Friday, June 19, 2009

Gauge Cluster


Like everything else with this car the gauge cluster was in bad shape. All the chrome had been sanded off and was brush painted black. Of course it was done badly and the black had mostly flaked off so it looked aweful. I was about to replace the bezel and go with brand new autometer gauges which all told run about $1000 when you include the wiring harness. After some random mustang searches on google I stumbled onto a $100 tach made by retrogauge that fits in the center option hole of the cluster. Its available in either white or black faces with either 6k or 8k limits. I got the white face 8k version from mustangs unlimited and it dropped in every bit as easy as they said it would. Although its not as nice as going the autometer route its about $900 cheaper and looks almost as nice. I decided I like the the white gauge faces and I found the Scott Drake white faces that stick onto the orignal faces. They were a little pricey for what they are but they are good quality and look fantastic when applied. The orignal wiper switch was retained but looked pretty bad. I tried finding a replacement but was unable to. I found www.averagejoeresto.com who suggested using steel wool to clean it up, and sure enough 20 minutes later it looks great. As a final touch I painted the needles with some neon orange paint from the local hobby shop. The final product looks awesome and its one more small thing I can check off my list. Here is an after pic which doesnt really do it justice.


Wednesday, June 17, 2009

Dissasembly

I have spent the last 6 months or so taking the car apart and preparing my workshop (aka garage) for this project. Most of the parts are bad or rusted so I didn't bother to catalog much of anything. I pretty much just kept tearing things apart until I had a big pile of rusty stuff. This approach is likely to cause some headaches down the road but its done now so no point to cry about it. Here are some pics of what it looks like now.

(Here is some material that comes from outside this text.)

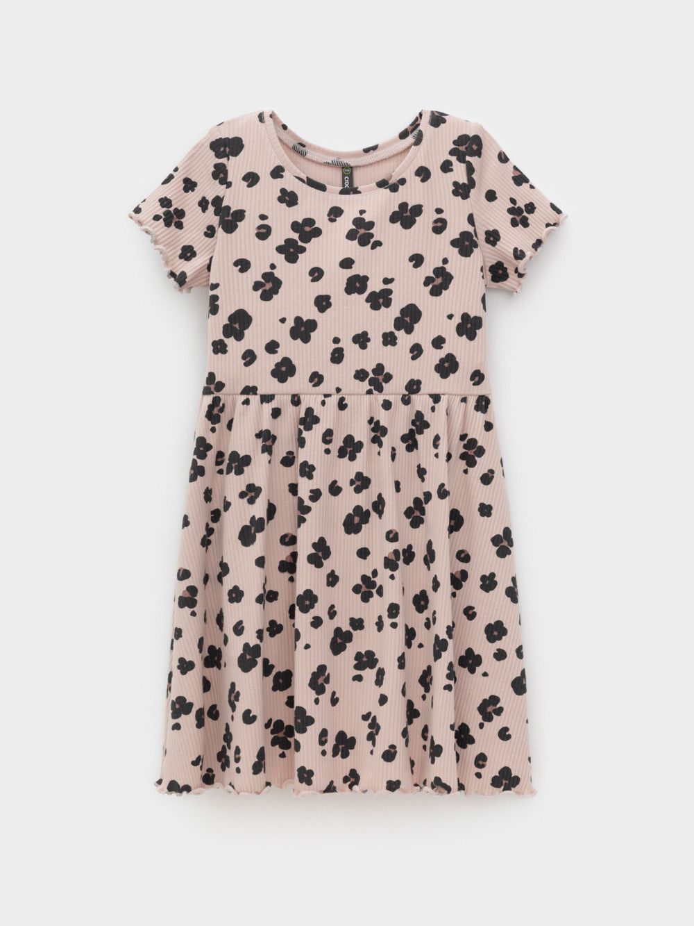 Платье для девочки из эластичного трикотажа в рубчик. Оригинальный рисунок выполнен из стойких текстильных гипоаллергенных красителей. Изделие сохраняет цвет и форму после многократных стирок. Все трикотажные полотна производятся в соответствии с нормами швейцарского сертификата ЭкоТекс.
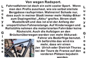 | Von wegen Radsport Bild (141.5 KB) am 23. November 2025 um 23:01 Uhr Lustiges → klasse Sprüche und Witze | Lustiges → klasse Sprüche und Witze | 23.11.-23:01 | |||

A good shot of whats left of the floor. The whole thing is rusted beyond repair and I have a full floor ready to be installed. The problem is common on early Mustangs and it's caused by leaking cowl vents which will also need to be replaced. It's a labor intensive job so most cars have not had it done.



At a glance the front looks pretty good. If you look close at the frame you can see its completely shot and the rust cancer has spread to a point that it is beyond repair. Everything from the firewall forward is coming off. The only possible survivor is the radiator support.




The car was an orignal 289 2V but that was long gone. When I got the car it had a '71 302 with 351 heads, edelbrock performer intake and carb. It was mated to a C4 trans that was puking its guts out. The only thing I might keep is the block, the rest I am getting rid of.

From back to front.....

I decided to ease into this project, starting at the back of the car and work my way forward to some of the more challenging parts. Work is starting on the right rear which will require new trunk floors, inner and outer wheel
wells, a section of frame, and a quarter panel.

I bought a nibbler and rough cut out the qarter panel to see exactly what I had. The quarter had been repaired several times before with patch panels, pop rivets and bondo. It was poorly done to start with but got worse when the previous owner stuffed in 275 wheels that hit the fender. This caused pretty much everything to come apart. Chunks of bondo had come loose, the old pop rivet repair seperated, and the fender had split apart from the wheel well. All of this damage dicated a new quarter instead of patch panels. Once the quarter was off I drilled out the spot welds and popped it all loose with a cut off wheel and an air chisel.
A picture of one of the several patches on the wheel well looking at it from the inside of the car.
The flange held up as well as could be expected considering the amount of rust in there. A little hammer and dolly work will have this straightened out.



As rusty as this looks its just surface rust and really in pretty good condition. A little rust converter paint and then some encapsulator paint and it should look great and be solid for another 40+ years. A little more hammer and dolly work with striaghten this rigth out as well. The spot weld holes that I drilled will be used for plug welds when I install the new wheel well.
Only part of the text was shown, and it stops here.